At the meeting, Marina International School lawyers said they will find a way of addressing the issue so that things could return to the way it was and young Baba returns to school. They meant speaking to the school authorities so they could end their campaign against Baba.
Young Baba himself was at the high court on that fateful day and traumatised by the events told his mother he was scared of going back to Marina.
“He looked and me and said, ‘mommy, I’m scared of going back to the school,'” Kinneh says.
“Two of the school’s lawyers Bori Touray and Lubna Farage who heard him say this felt sad.”

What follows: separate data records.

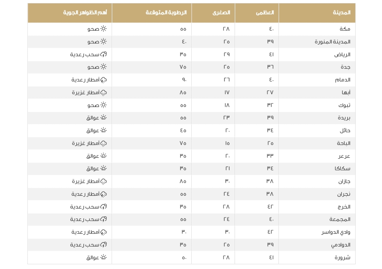 درجة الحرارة اليوم في السعودية 16 مايو 2024.. سيول في 3 مدن
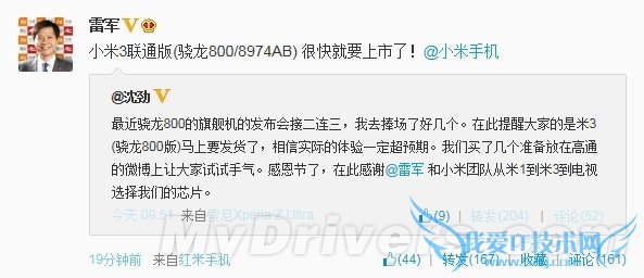 今天雷军在微博上第一时间@高通副总裁沈劲,并发消息称“小米3联通版(骁龙800/8974AB) 很快就要上市了!",沈劲在微博上感谢雷军和小米团队使用骁龙800版芯片并称体验效果将会超出预期。以下为微博截图:
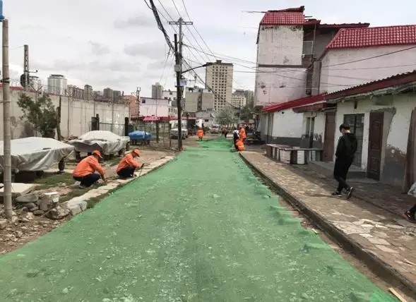 鐵路沿線改造后路面鋪設(shè)了毛氈

After everything ended at the high court, the school’s board chairperson who is at the heart of the campaign against Baba called an emergency meeting where it was decided that the school be closed.
On Saturday March 2, 2019, all parents were sent emails regarding the closure of the school. The unsuspecting parents quickly bought into the story that the school sold them – that young Baba was caught spinning a car, blowing dust and putting the lives of hundreds of students at risk.
On Monday March 4, 2019, a well-attended PTA meeting was held in the school and the principal who spoke at the event said he will not come to school if young Baba returned to the school. Teachers said they will not teach, students said they will not come to school.
But at this meeting, one of the school’s lawyer’s said young Baba should return to the school as it was a court order. One parent shouted, ‘to hell with the court order.’
On her part, chairperson of the school’s board who many accuse of fronting the campaign said if young Baba returns to the school, he would be put to a corner and no teacher would teach him. The meeting ended with almost every parent convinced that Baba is a criminal whose return is unthinkable. They all said if young Baba was going to return to the school, they were not going to allow their children go to the school.
At home, family members asked Kinneh not to allow young Baba to return to the school.
“They came and asked me not to allow Baba to come to school on Wednesday. They also wanted me to withdraw the case,” Kinneh says.
On Wednesday February 6, Marina reopened to business. Young Baba, as per the court’s order, was to resume school. Teachers, parents and students were all braced up for Young Baba to turn up. Young Baba didn’t show up. And he hasn’t since.
“As at now, we are all traumatised. They have spoilt my son’s education. The boy’s image has already been tarnished. Wherever he goes now, people are going to run away from him,” Kinneh says.
Young Baba whose father was one of the biggest contributors to Marina International High School is now out of school. His family isn’t sure of what the future holds for him.
Young Baba is just 13 years old. This is why his real name has not been used.